# Hymer B644 Kitchen drawers



## charlieivan (Apr 25, 2006)

Does anyone know how to completely remove a drawer from it's runners to enable access to the back of the units.I have tried and looking at them there doesn't seem to be anything stopping them coming out but I cannot get them free.I need to get right inside one of the units to sort out a water pipe!!!


----------



## rowley (May 14, 2005)

With some of them you have to lift the front of the drawer upwards as you pull it towards you. When it has reached the end of it's travel then you can lift the whole drawer slightly and it should come out. I hope that makes sense!


----------



## javea (Jun 8, 2007)

I don't know if the drawers will be the same as my 2007 model but in this case there is a small lever just in front of the outside carrier rail, you press this down on each side and the drawer just slides out quite easily.


----------



## vicdicdoc (May 14, 2005)

I've been trying to figure this out for the last 2 years and given up !


----------



## 101578 (Oct 28, 2006)

Dunno if it's like ours but it does come out (catch on side i think) cos my potatoe masher is behind our oven which sits below our drawer which is below the hob.O/H.tried his best to reach behind to retrive it but to no avail,  (brand new too,never been near a spud)He said he'd need arms like Mr.

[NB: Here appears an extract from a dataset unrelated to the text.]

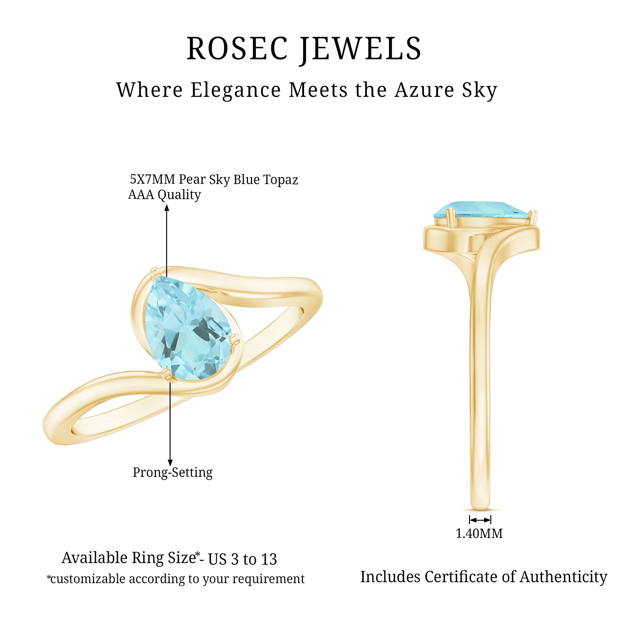 Radiating with brilliance and sparkle, this Solitaire Ring showcases a captivating Pear Cut Sky Blue Topaz in a secure Prong Setting, beautifully complemented by a graceful Bypass Shank design. This stunning ring is a true symbol of elegance and sophistication. With its mesmerizing beauty and timeless appeal, it makes for a beautiful addition to any jewelry collection. Whether as a gift for a loved one or a cherished piece to adorn your own finger, this Beautiful Ring is sure to capture hearts and leave a lasting impression.

Tickle to get it. :roll:


----------



## charlieivan (Apr 25, 2006)

Thanks for help Rowley,Javea,Vicdicdoc & Leaky.Job sorted.Easy to remove drawer liner but drawer front was in the way.Plastic fixing from runner to back of drawer front,just press in little lever on top of fixing and drawer front lifts up and off.SWMBO now cleaning parts we've never reached before!!!!


----------